• CMOC increased DRC cobalt production to 61,073 tonnes in the first half of 2025, up 13% year-on-year.
• Cobalt exports remain frozen under a government embargo, while copper prices hit record highs.
• Cobalt prices jumped 60% after the embargo but CMOC cannot ship, forcing a stockpile build-up.
China’s CMOC group ramped up cobalt output in the Democratic Republic of Congo (DRC) to 61,073 tonnes in the first half of 2025, a 13% rise over last year. The company shared these results in a financial report on July 14. Production surged 20% in the first quarter, as CMOC mined a total of 30,414 tonnes from its Tenke-Fungurume and Kisanfu sites.
CMOC credited higher mineral prices for the production jump. Cobalt is a by-product of copper, and surging copper prices have driven the mining boom.
Yet the landscape for cobalt is difficult. Since February 24, CMOC has not exported cobalt after the Congolese government imposed an embargo to support prices as the market faces oversupply. On June 30, CMOC halted all cobalt deliveries. Its trading subsidiary, IXM, declared force majeure on cobalt contracts in response to the disruption.
After the embargo started, cobalt prices soared by 60%, hitting a peak of $33,700 per tonne in April. While prices dropped in June, they rebounded following a DRC decision to extend the export ban. Cobalt is still trading above $33,700 per tonne.

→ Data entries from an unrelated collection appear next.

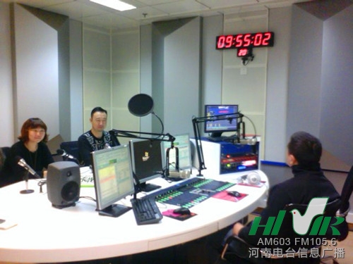 信息廣播主持人和臺(tái)技術(shù)人員在直播室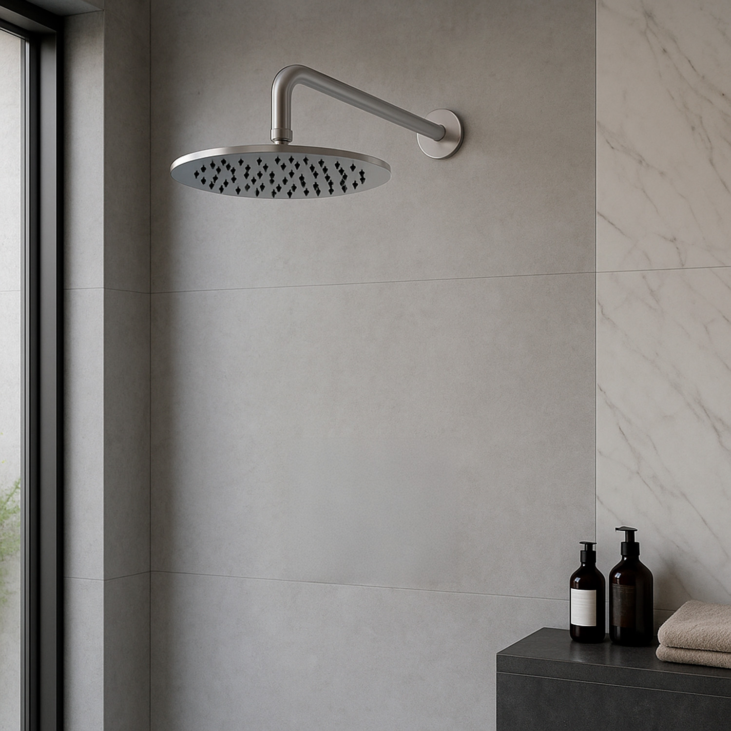 SINED Kit Braccio e Soffione Doccia da Parete SINED. Soffione da 30 cm. In Acciaio Inox 316L Finitura Inox, Ideale per Interni ed Esterni, Elegante e Resistente alla Corrosione, Perfetto per Bagni Moderni e Ambienti Outdoor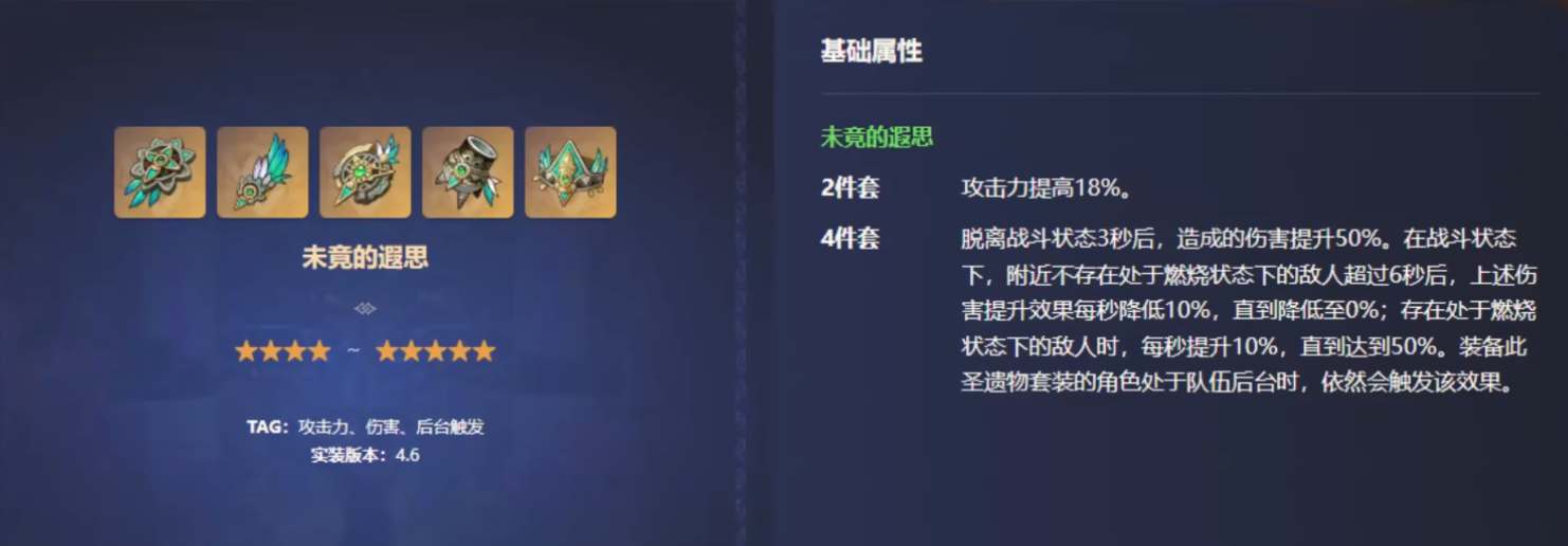 套装最优选择是【未竟的遐思】,2件套攻击力提高18%,4件套脱离战斗状态3秒后,造成的伤害提升50%。
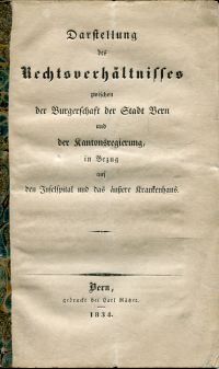 Darstellung des Rechtsverhältnisses zwischen der Burgerschaft der Stadt Bern und der Kantonsregierung, in Bezug auf den Inselspital und das äussere Krankenhaus. Bern: Carl Rätzer 1834. 8°. 31 S., broschiert (altersgemäss gut erhalten)

CMOC says it still targets annual cobalt production between 100,000 and 120,000 tonnes in 2025. However, the path to resuming exports remains unclear. The export embargo technically ends in September, but the Regulatory Authority for Strategic Mineral Substances Markets (ARECOMS) has warned it might extend, modify, or lift the ban at any time. The agency has not announced a target price for lifting the restriction. The DRC state budget for 2025 is based on a cobalt price of $28,000 per tonne.